Wehle continues, “In fact, although the ECA provides that electors cast their votes in December and that Congress convene in January to formally count them, if a state has ‘failed to make a choice’ by the December deadline, then the law holds that ‘the electors may be appointed on a subsequent day in such a manner as the legislature of such State may direct.’ So, if a state legislature deems the November election a failure, it can quickly meet and decide who wins the state’s Electoral College votes — even if that means throwing out every single ballot cast in that state.”
The law professor, pointing out that hundreds of “election deniers” are “on the ballot” in the 2022 midterms, goes on to describe a disturbing scenario for the 2024 presidential election.
“Here, then, is how it all could play out: Republicans, including a majority of election deniers, win control of the U.S. House of Representatives in 2022,” Wehle explains. “The Supreme Court in Moore holds that only state legislatures can make laws governing elections — Justices Samuel Alito, Clarence Thomas, Neil Gorsuch, and possibly Brett Kavanaugh have already signaled support for the theory — unless Congress steps in, which a GOP majority in the House won’t do…. Come November 4, 2024, regardless of the popular vote, Republican legislatures will use their newly minted constitutional prerogative to decide the ‘law’ governing that state’s election for president, and give the Electoral College votes to the Republican nominee.”
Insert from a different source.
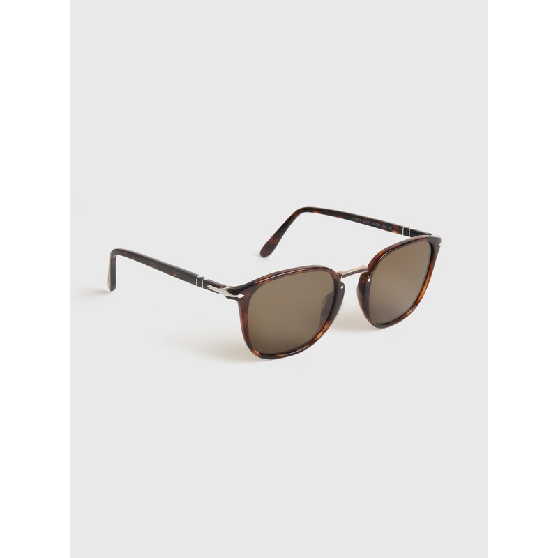 Introducing a fresh Persol sun style with a modern frame design. This unique piece combines frontal acetate and a metal bridge, enhanced with polished details.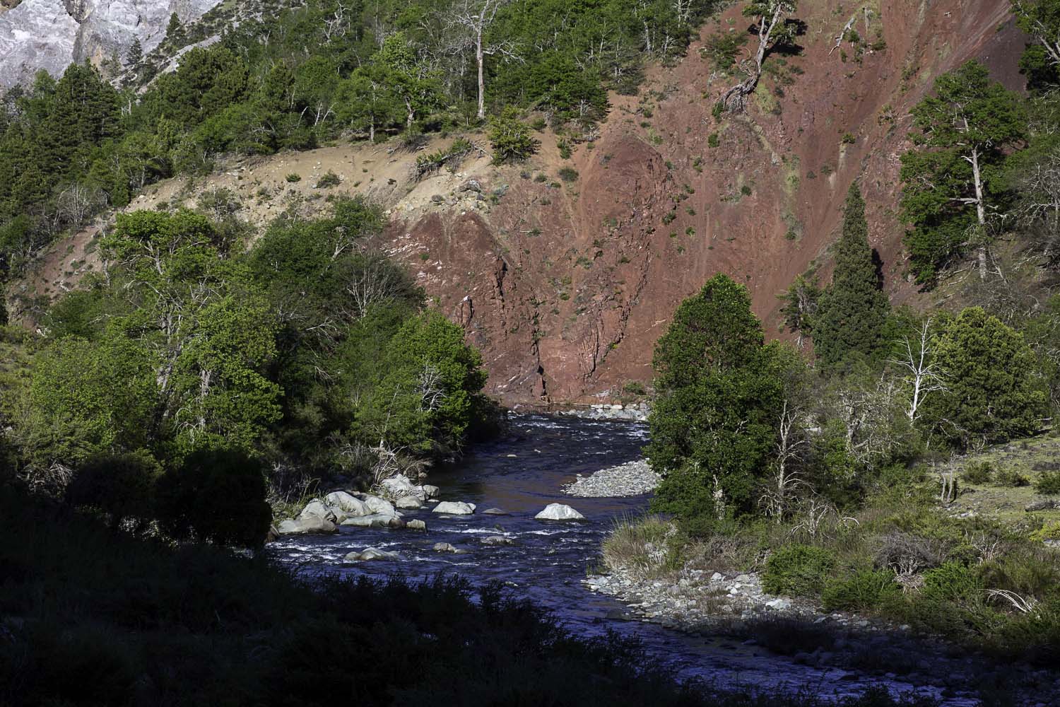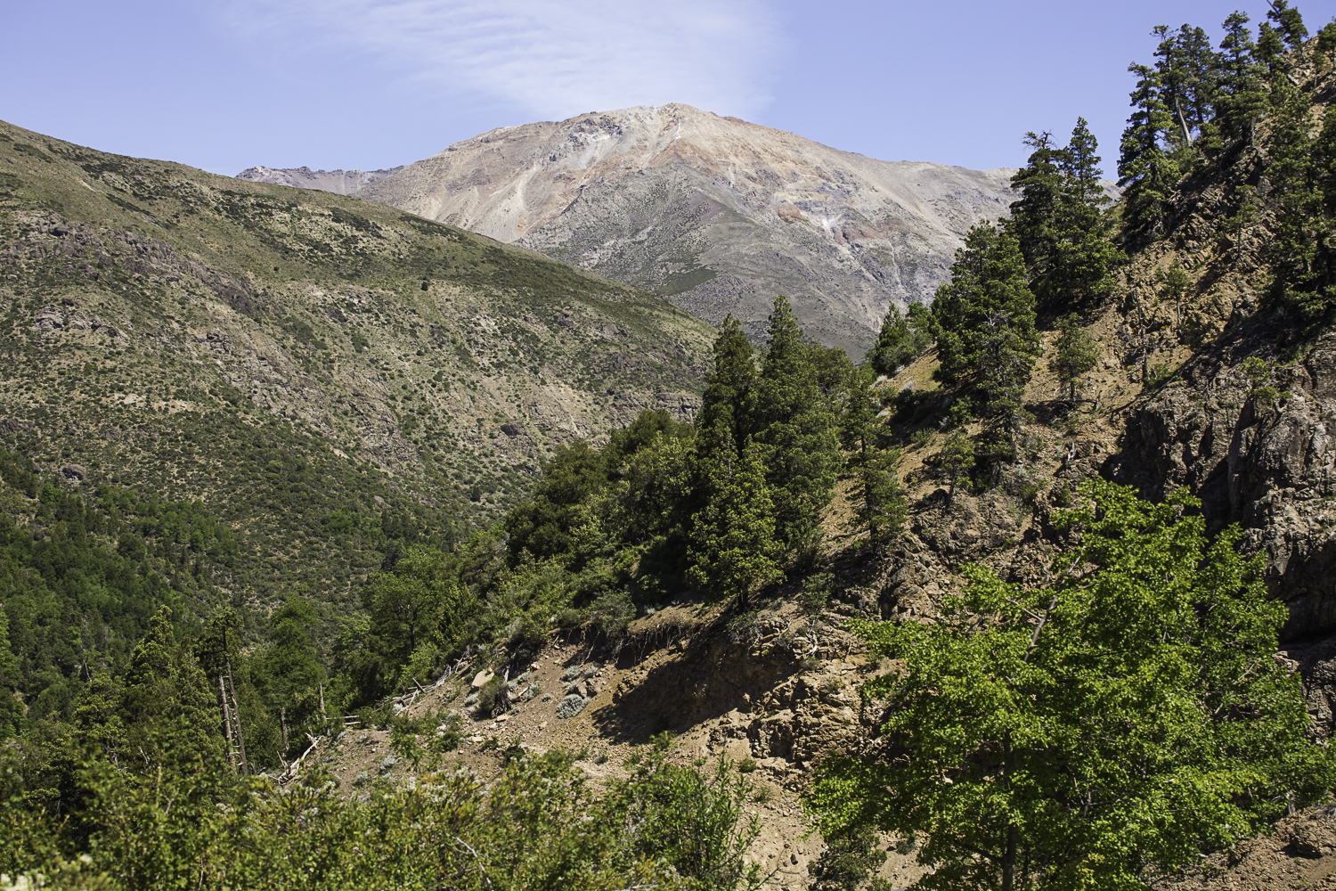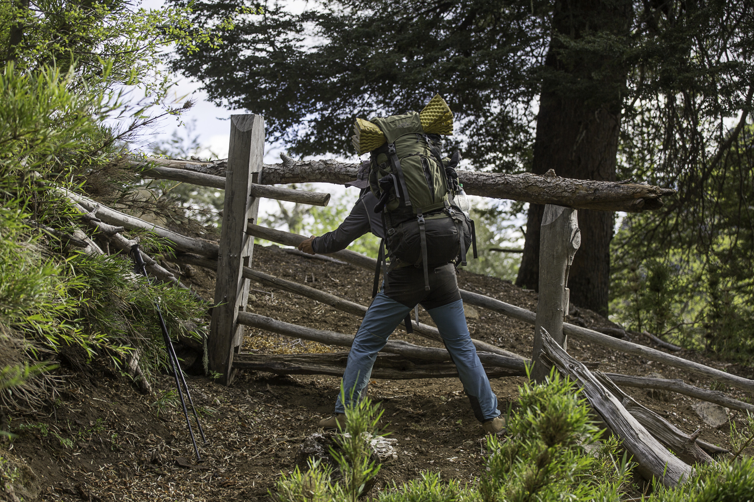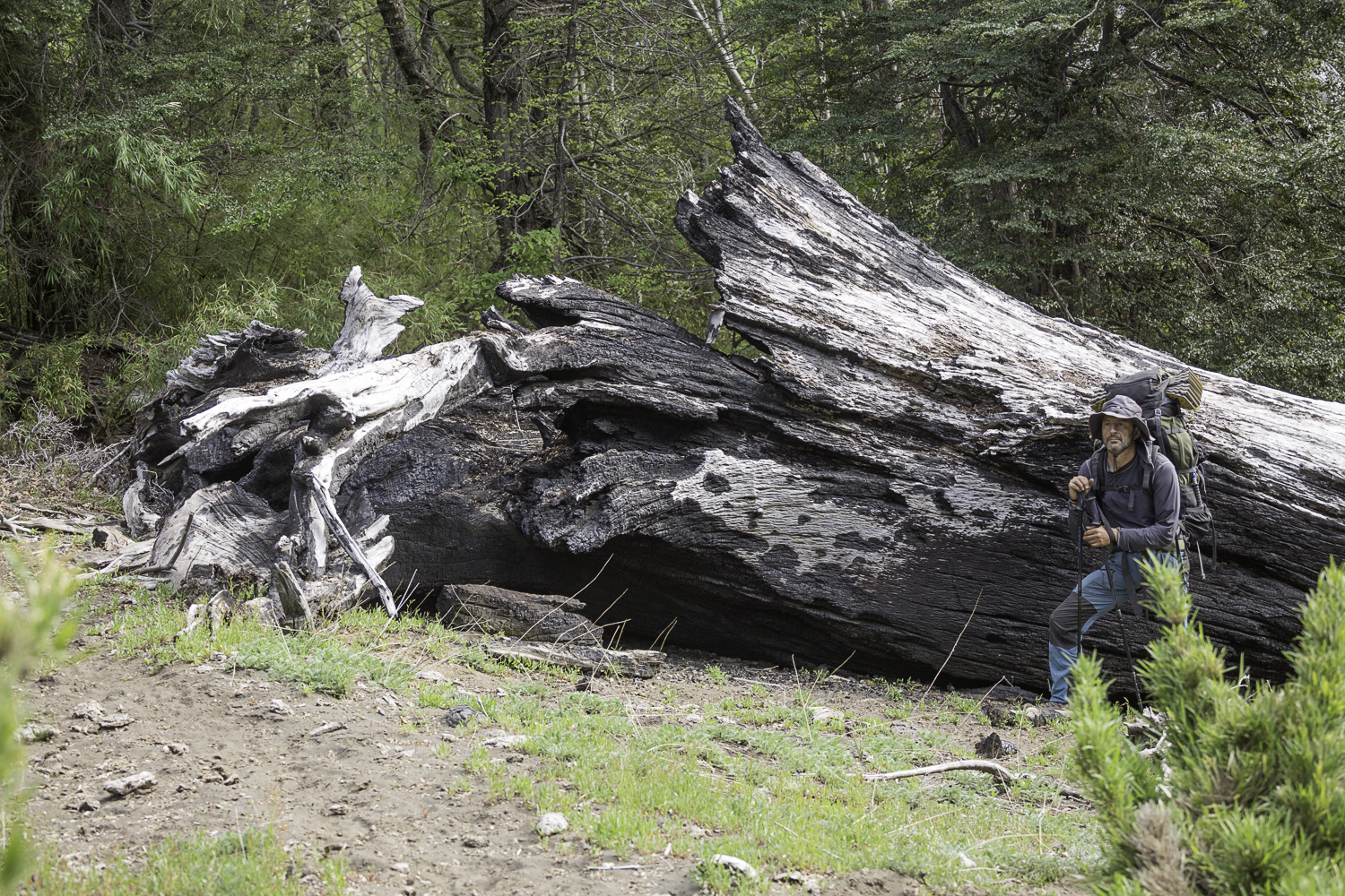 Do przedpołudnia wędrujemy labityntem pozwalanych pni, aż teren zaczyna się lekko wypołaszczać. Ślad w nawigacji jest już tuż tuż. Docieramy do niego za brodem zimnym, ale zupelnie nietrudnym. Tu na halach Estero Quebrado jest zwykłą rzeczką. Z zadowoleniem zakładam z powrotem górskie buty, nie myśląc że zaznaczony w nawigacji ślad zaraz zniknie i przez kilka godzin będziemy co i rusz przekraczać nurt szukając najłatwiejszych miejsc. Rzeczka naniosła zwalonych drzew, porozmywała stok, porozlewała się w odnogi i wypełniła bagienka. Wszystko to rozdeptały krowy. Zostało mnóstwo zeszłorocznych placków i połamanych krzaków. Wolno nam idzie. Za halą przedzieramy się przez bezlistny lasek i krowie tropy zbierają się w jeden trakt. Wspina się na strome piaszczyste zbocze. Z góry otwiera się wspaniały widok na dolinę, z przełęczy zasypanej ponad metrowym śniegiem też na dwa piękne wulkany. Nevado de Chillan i Chillan Nuevo.

Wehle adds, “Not every state will need to take this action — the flipping of the results in just one or two states with GOP-controlled legislatures could suffice to thwart the national result. The GOP-led Congress will abide by that decision in January 2025. And if the state legislatures fail to anoint a Republican president, the GOP caucus in the House of Representatives will refuse to certify the results…. The whole grim scenario seems to grow more likely with each passing day…. This Court knows that the November midterm election will decide who has power in America for a long time to come. Voters need to wake up to this reality as well — and quickly.”